Discrimination Through AI: To What Extent Libraries are Affected and how Staff can Find the Right Mindset

An interview with Gunay Kazimzade (Weizenbaum Institute for the Networked Society – The German Internet Institute)

Gunay, in your research, you deal with the discrimination through AI systems. What are typical examples of this?

Typically, biases occur in all forms of discrimination in our society, such as political, cultural, financial, or sexual. These are again manifested in the data sets collected and the structures and infrastructures around the data, technology, and society, and thus represent social standards and decision-making behaviour in particular data points. AI systems trained upon those data points show prejudices in various domains and applications.

For instance, facial recognition systems built upon biased data tend to discriminate against people of colour in several computer vision applications. According to research from MIT Media Lab, white male and black female accuracy differ dramatically in vision models. In 2018, Amazon “killed” its hiring system, which has started to eliminate female candidates for engineering and high-level positions. This outcome resulted from the company’s culture to prefer male candidates to females in those particular positions traditionally. These examples clarify that AI systems are not objective and are mapping human biases we have in society to the technological level.

How can library or digital infrastructure staff develop an awareness of this kind of discrimination? To what extent can they become active themselves?

Bias is an unavoidable consequence of situated decision-making. The decision of who and how classifies data, which data points are included in the system, is not new to libraries’ work. Libraries and archives are not just the data storage, processing, and access providers. They are critical infrastructures committed to making information available and discoverable yet with the desirable vision to eliminate discriminatory outcomes of those data points.

Imagine a situation where researchers approach the library asking for images to train a face recognition model. The quality and diversity of this data directly impact the results of the research and system developed upon those data. Diversity in images (Youtube) has been recently investigated in the “Gender shades” study by Joy Buolamwini from MIT Media Lab. The question here is: Could library staff identify demographic bias in the data sets before the Gender Shades study was published? Probably not.

The right mindset comes from awareness. Awareness is the social responsibility and self-determination framed with the critical library skills and subject specialization. Relying only on metadata would not be necessary for eliminating bias in data collections. Diversity in staffing and critical domain-specific skills and tools are crucial assets in analysing library system digitised collections. Training of library staffing, continuous training, and evaluation should be the primary strategy of the libraries on the way to detect, understand and mitigate biases in library information systems.

If you want to develop AI systems, algorithms, and designs that are non-discriminatory, the right mindset plays a significant role. What factors are essential for the right attitude? And how do you get it?

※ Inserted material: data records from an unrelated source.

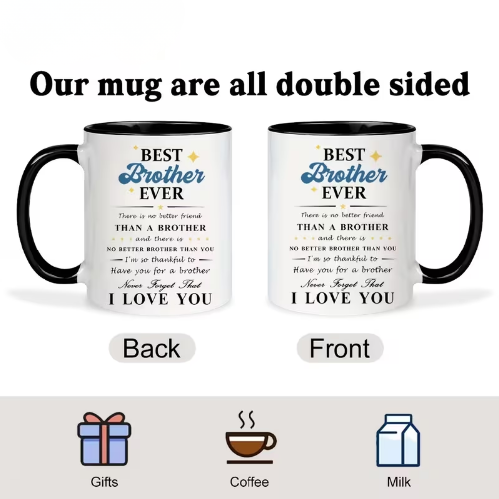 Crafted from ceramic material, it offers a classic mug feel with a clean finish. Whether placed in the kitchen, used at an office desk, or gifted during family celebrations, this mug combines practical use with a warm quote design. Its message makes it a memorable item for siblings, creating a simple way to share appreciation through daily drinkware. This cup works well for coffee, tea, hot chocolate, and other warm beverages.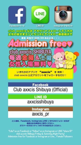 ※女性限定!Facebook, InstagramID,LINEいずれかの club axxcis公式アカウントフォローで女性入場無料!!!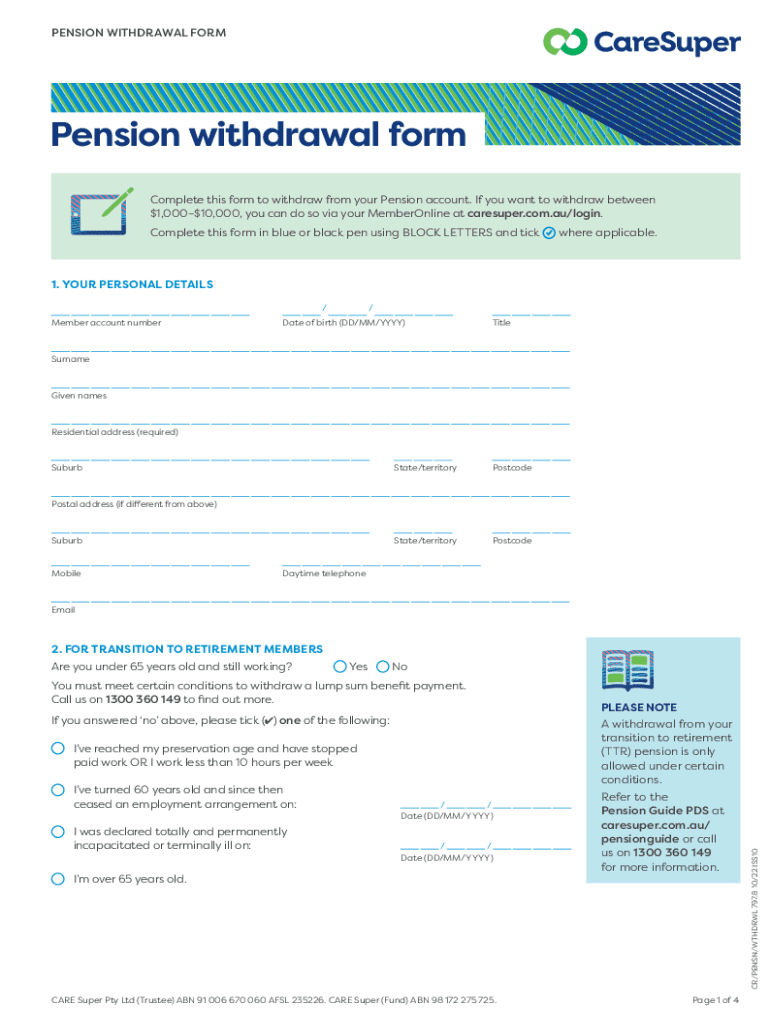 PENSION WITHDRAWAL Foreperson withdrawal form Complete this form to withdraw from your Pension account. If you want to withdraw between $$1,00010,000, you can do so via your MemberOnline at caresuper.com.au/login.

Whether it is a developer, user, provider, or another stakeholder, the right mindset starts with the

  • Clear understanding of the technology use, capabilities as well as limitations;
  • Diversity and inclusion in the team, asking the right questions at the right time;
  • Considering team composition for the diversity of thought, background, and experiences;
  • Understanding the task, stakeholders, and potential for errors and harm;
  • Checking data sets: Consider data provenance. What is the data intended to represent?;
  • Verifying the quality of the system through qualitative, experimental, survey, and other methods;
  • Continual monitoring, including customer feedback;
  • Having a plan to identify and respond to failures and harms as they occur;

Therefore, long-term strategy for library information systems management should include

  • Transparency
    • Transparent processes
    • Explainability/interpretability for each worker/stakeholder
  • Education
    • Special Education/Training
    • University Education
  • Regulations
    • Standards/Guidelines
    • Quality Metrics

Everybody knows it: You choose a book from an online platform and get other suggestions a la “People who bought this book also bought XYZ”. Are such suggestion and recommendation systems, which can also exist in academic libraries, discriminatory? In what way? And how can we make them fairer?

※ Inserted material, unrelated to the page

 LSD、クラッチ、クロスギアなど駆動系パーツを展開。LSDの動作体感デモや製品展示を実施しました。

Several research findings suggest making recommendations fairer and out of the “filter bubbles” created by technology deployers. In recommendations, transparency and explainability are among the main techniques for approaching this problem. Developers should consider the explainability of the suggestions made by the algorithms and make the recommendations justifiable for the user of the system. It should be transparent for the user based on which criteria this particular book recommendation was made and whether it was based on gender, race, or other sensitive attributes. Library or digital infrastructure staff are the main actors in this technology deployment pipeline. They should be conscious and reinforce the decision-makers to deploy the technology that includes the specific features for explainability and transparency in the library systems.

What can they do if an institute, library, or repository wants to find out if their website, library catalogue, or other infrastructure they offer is discriminatory? How can they tell who is being discriminated against? Where can they get support or a discrimination check-up done?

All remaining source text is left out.